Congress wants the service to use nuclear power propulsion to save on energy costs in the long run; however, the Navy has been reluctant to commit to such a rigid mandate. Roughead has told lawmakers he believes the initial costs for nuclear fuel are too expensive and could compromise the cost of building the rest of the ship.
9. Carrier swap in Japan
The summer will mark a milestone in U.S. relations with Japan when the aircraft carrier George Washington, powered by its dual nuclear reactors, arrives in Yokosuka to replace the conventionally powered Kitty Hawk.
The Nimitz-class George Washington will leave its Norfolk, Va., home port for the Pacific and join Carrier Air Wing 5 to lead U.S. naval power projection as the Forward Deployed Naval Forces.
The Kitty Hawk’s eastward trek is a sunset cruise of sorts, with the 47-year-old ship heading into retirement. A Wilmington, N.C., group wants to turn the carrier into a floating museum.

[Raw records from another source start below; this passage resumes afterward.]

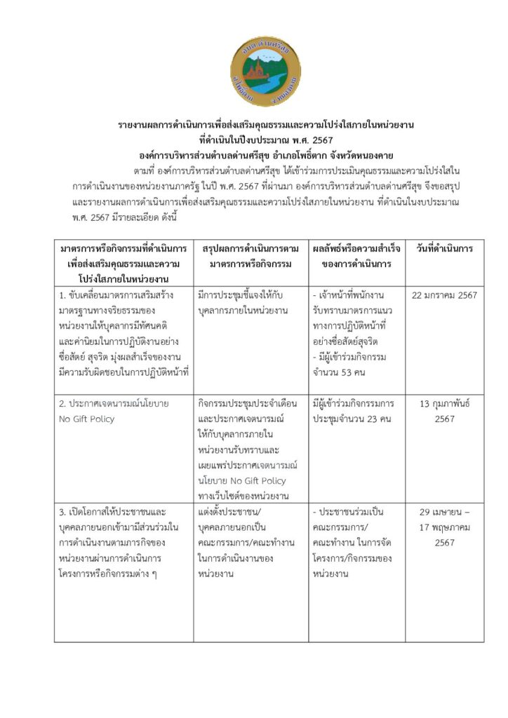 รายงานผลการดำเนินการเพื่อส่งเสริมคุณธรรมและความโปร่งใสภายในหน่วยงาน ที่ดำเนินในปีงบประมาณ พ.ศ. 2567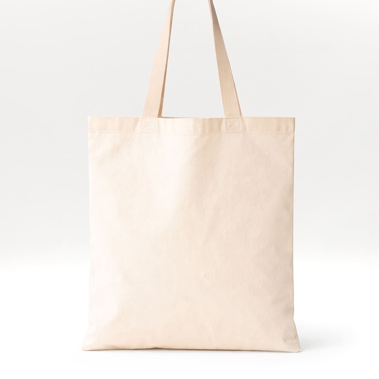 Esta bolsa reutilizable está confeccionada en algodón 100% natural (140 g/m²) y cuenta con asas largas, ideales para llevarla cómodamente al hombro.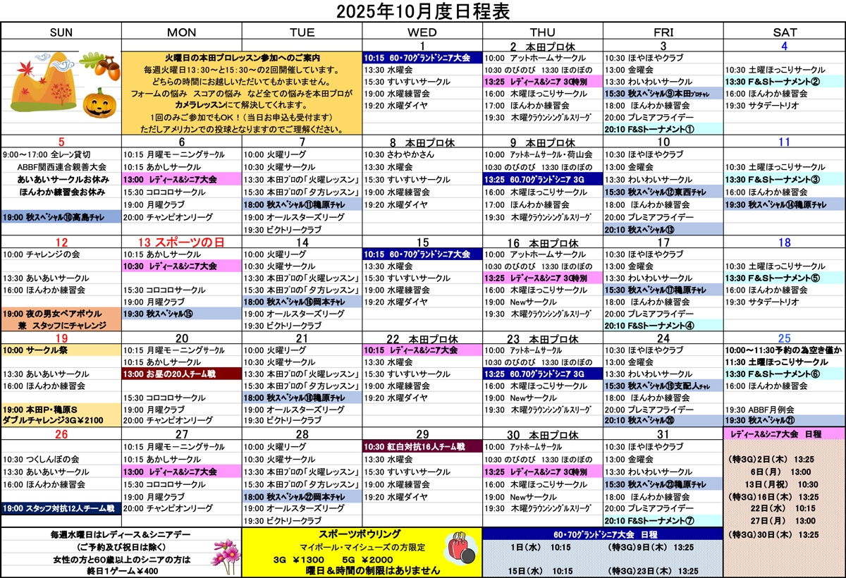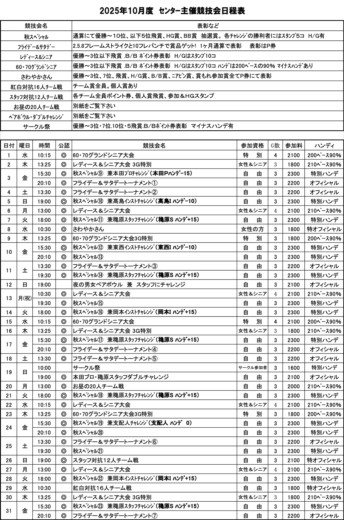 2025年10月度センター主催競技会日程表 ※Excelデータダウンロード⇒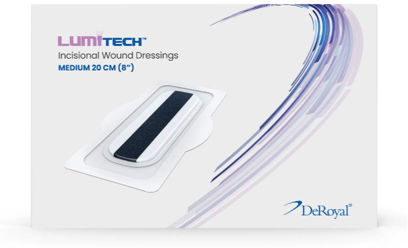 The DeRoyal® Lumitech™ Incisional Wound Dressing is a hydrophilic, absorbent, multi-layer surgical wound dressing. The dressing is composed of an integrated wound contact layer, fluid absorbent woven fibers, pressure-distributive polyurethane foam, and a protective, breathable, water-resistant polyurethane film border incorporating Lumina® Adhesive technology. Lumina® Adhesive technology is a patented UV light “switchable” adhesive film that supports long wear time with the option for a gentle dressing removal using UV light.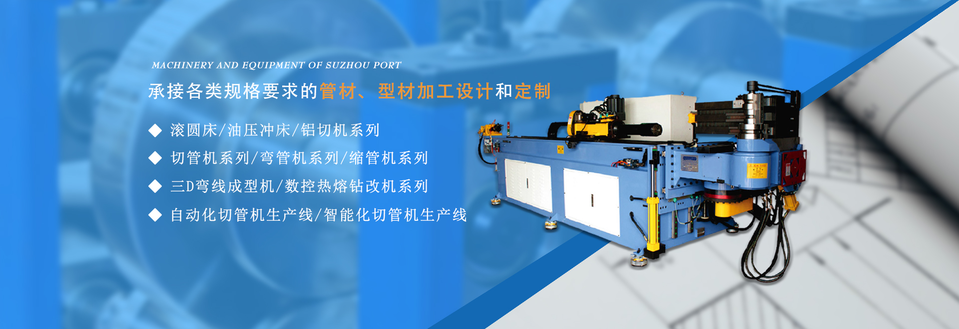 廈門蘇港機械設備有限公司位于風景優美的鷺島——廈門,公司是一家集科研、生產、銷售為一體的企業,嚴格的品質管理與完善的善后服務、合理的市場價格是我們力于競爭的前提。 精益求精當然出類拔萃,公司在原有的技術基礎上,不斷的引進國內外先進技術和管理辦法。專業制造系統金屬圓鋸機、DW系列單頭彎管機、SW系列雙頭彎管機、SG系列管端成型機、SG鋸片研磨機、YW系列龍門柱式壓管機、空心鉚接機、系列倒角機等八大類近五十個品種的各類管材、型材加工機械。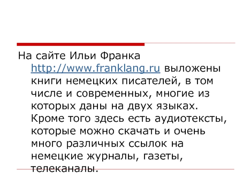 Слайд 31На сайте Ильи Франка http://www.franklang.ru выложены книги немецких писателей, в том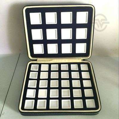 商品名:宝石ルースケース42個+トランクボックスセット レザー調 ポータブル トラベル 原石ディスプレイ トランクショー 展示会 黒 革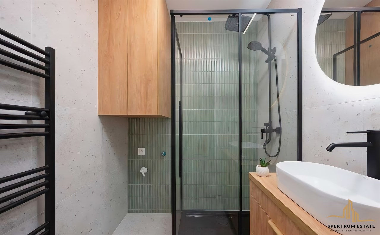 | Wyposażenie łazienki | lustro, kabina prysznicowa, WC, pralka, prysznic, umywalka |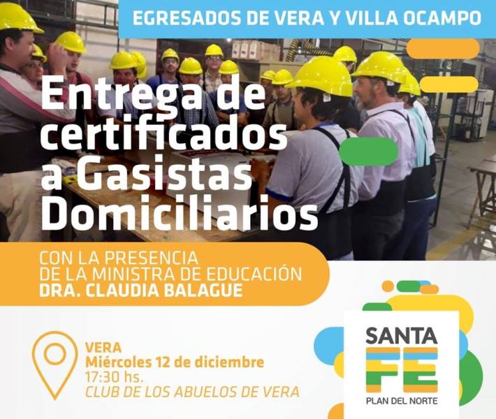 El intendente Enrique Paduán informa que este miércoles 12 de diciembre, a las 17:30 horas en el Club de Abuelos de Vera, con la presencia de la ministra de Educación de la Provincia, Claudia Balagué, se realizará el acto de entrega de certificados a los gasistas domiciliarios que realizaron el curso este año en esa localidad y en la Escuela Técnica 619 de Villa Ocampo.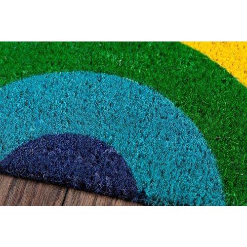 Aloha Alo 8 Multi, a stylish and eco-friendly welcome mat that adds a touch of retro charm to your outdoor space. With its bold typography and graphic color blocking, this area rug is designed to make a statement and welcome your guests with flair. The durable exterior is perfect for wiping feet clean before entering your home, making it both functional and fashionable.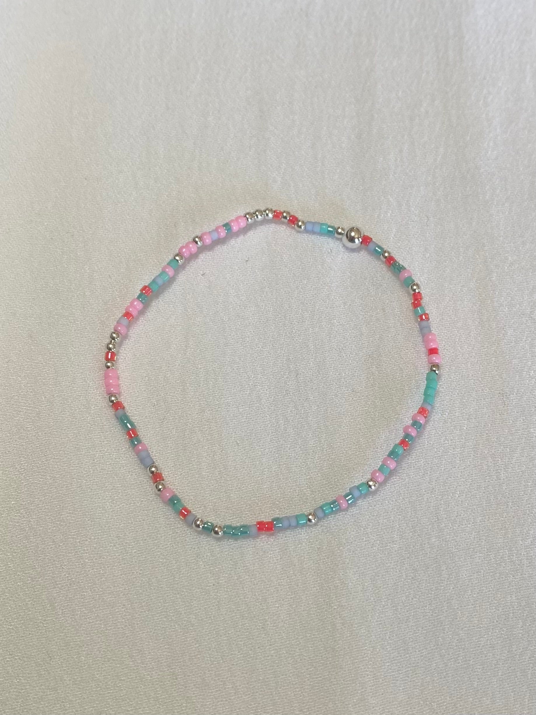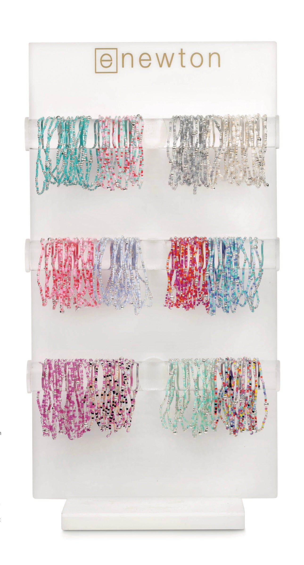 - Hand beaded on high performance elastic for a slight stretch to easily roll on and off your wrist
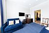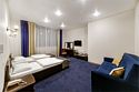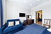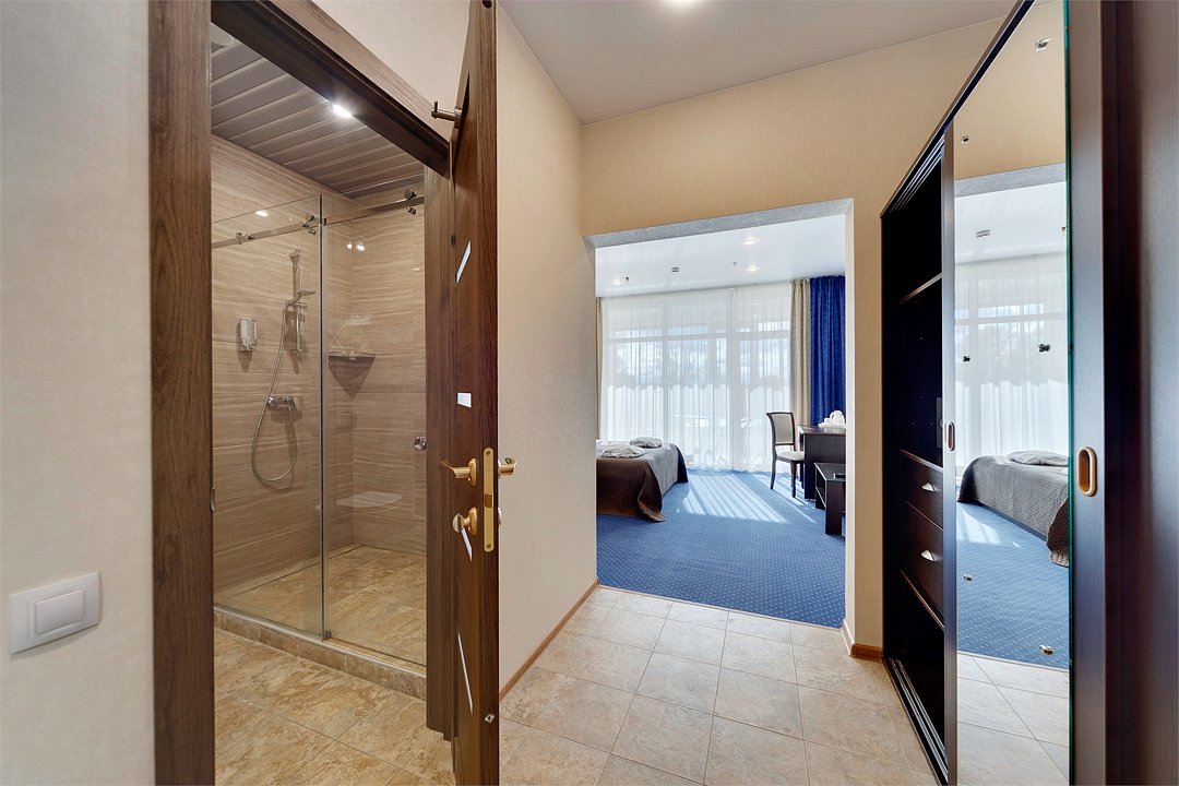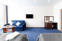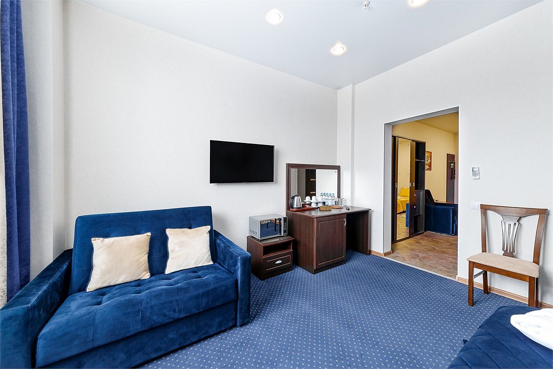 Двухкомнатный номер для 4 человек, идеально подойдет для семейной пары. В номере большая двуспальная кровать и две односпальные кровати, диван с креслом, два телевизора, туалетный столик с зеркалом, журнальный стол, ванная комната.Услуги и удобства
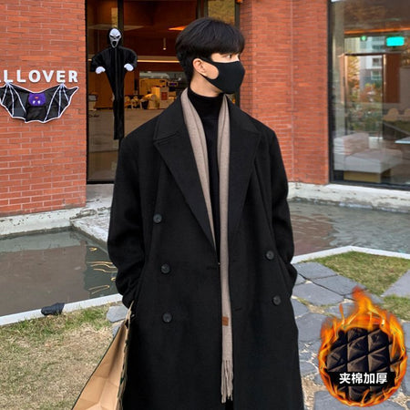 Men’s British Woolen Mid-Length Coat Thickened Winter Jacket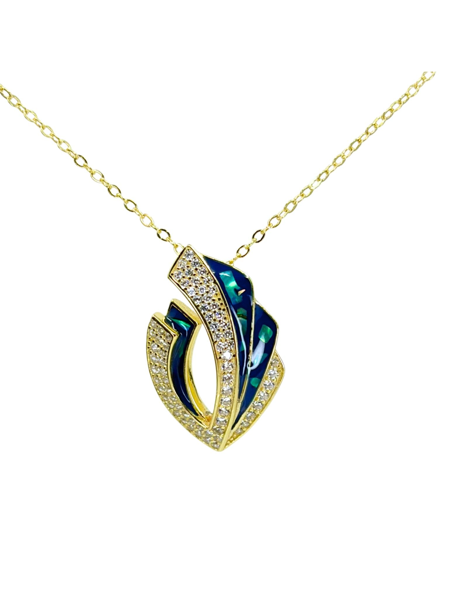 Yellow Sterling Silver Blue Abalone and CZ's Drop Necklace adjustable 16-18"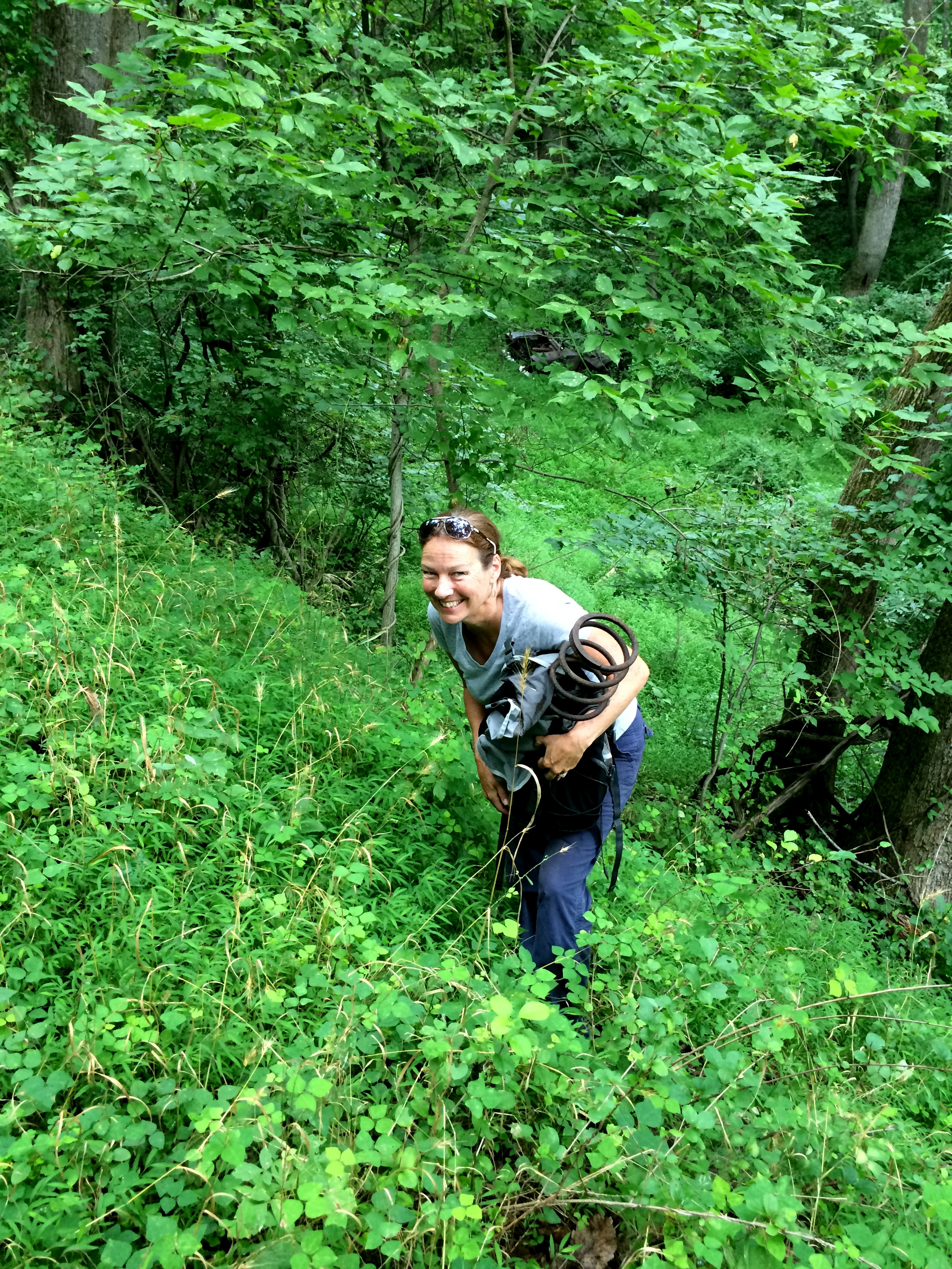 Here I am coming out of the ditch with my treasure, You can see a little bit of my car in the background.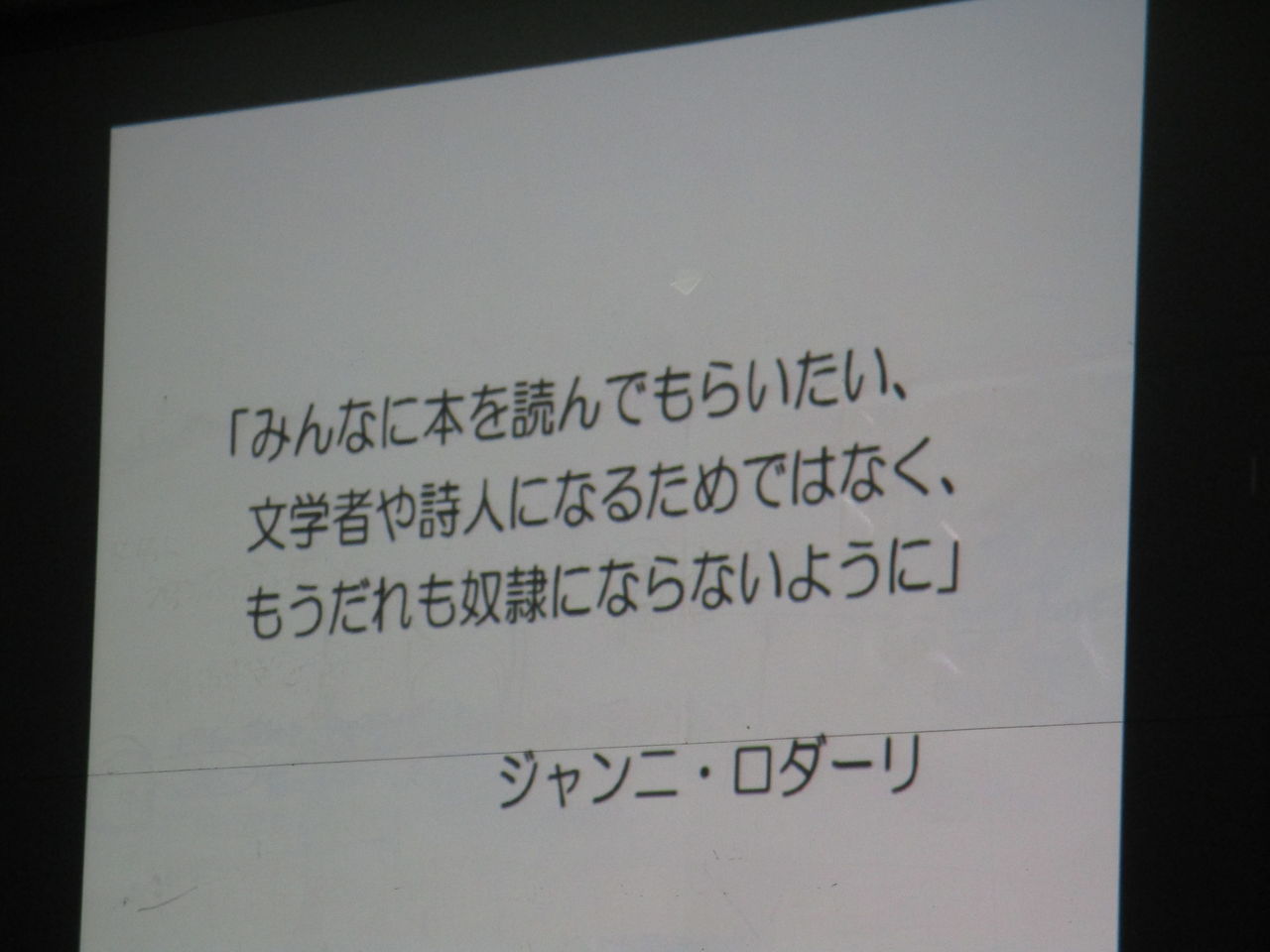 最後にイタリアの作家・児童文学作家のジャンニ・ロダーリの言葉が紹介されました。
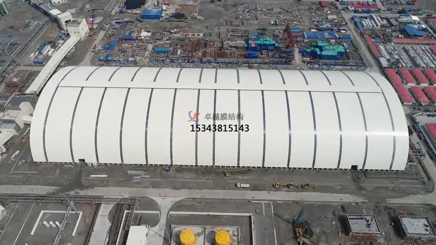 大跨度與靈活性:膜結(jié)構(gòu)煤棚能夠輕松跨越數(shù)十米甚至上百米的跨度,無需中間支撐,為大型煤炭堆場提供了廣闊的無障礙作業(yè)空間。其結(jié)構(gòu)靈活,可根據(jù)場地大小和形狀進(jìn)行定制化設(shè)計。

10. More maritime partnerships
Get ready to grab a paintbrush, paint a school, kick a soccer ball and drink a cup of the local beverage of choice — the CNO wants his sailors building relationships around the globe.
Since the release of the new maritime strategy in October, Roughead has stressed the Navy’s goal of additional maritime partnerships. Building on calls for a “1,000-ship navy” begun by his predecessor, now-Joint Chiefs Chairman Adm. Mike Mullen, Roughead told sailors in his first Internet podcast that they should gather knowledge about other cultures and develop relationships with sailors around the world.
In 2008, the amphibious ship Fort McHenry will continue its seven-month deployment as part of Naval Forces Europe’s Africa Partnership Station initiative, aimed at cementing relationships with nations in West Africa and promoting better maritime safety and security in the crime-plagued Gulf of Guinea.
11. Bachelor housing boost
A trio of towers rising above the Navy’s San Diego waterfront will open their doors to sailors before year’s end. But the $320 million Pacific Beacon is no barracks— it just might be the hippest quarters around the Navy. The glass-and-concrete buildings, which frame palm-dotted plazas, feature 941 dual-master-suite units with balconies, and some boast water views. On the East Coast, construction begins on new housing for 1,190 bachelor sailors at Naval Station Norfolk, Va., and in Newport News, with completion set for 2010.
12. More child care
As part of a plan to expand child care for Navy families, some 502 spaces will be added to the Navy’s child care facilities in the Hampton Roads, Va., area in the next two years. The move is part of a plan to add more than 1,300 spaces across the Navy, at a cost of $62.5 million. By the end of 2008, there will be 50 more child care spaces in Annapolis, Md.; 120 more in Pearl Harbor, Hawaii; 360 more in San Diego; and 340 spread across Navy installations in Pensacola, Fla., Gulfport, Miss., New Orleans and Dallas.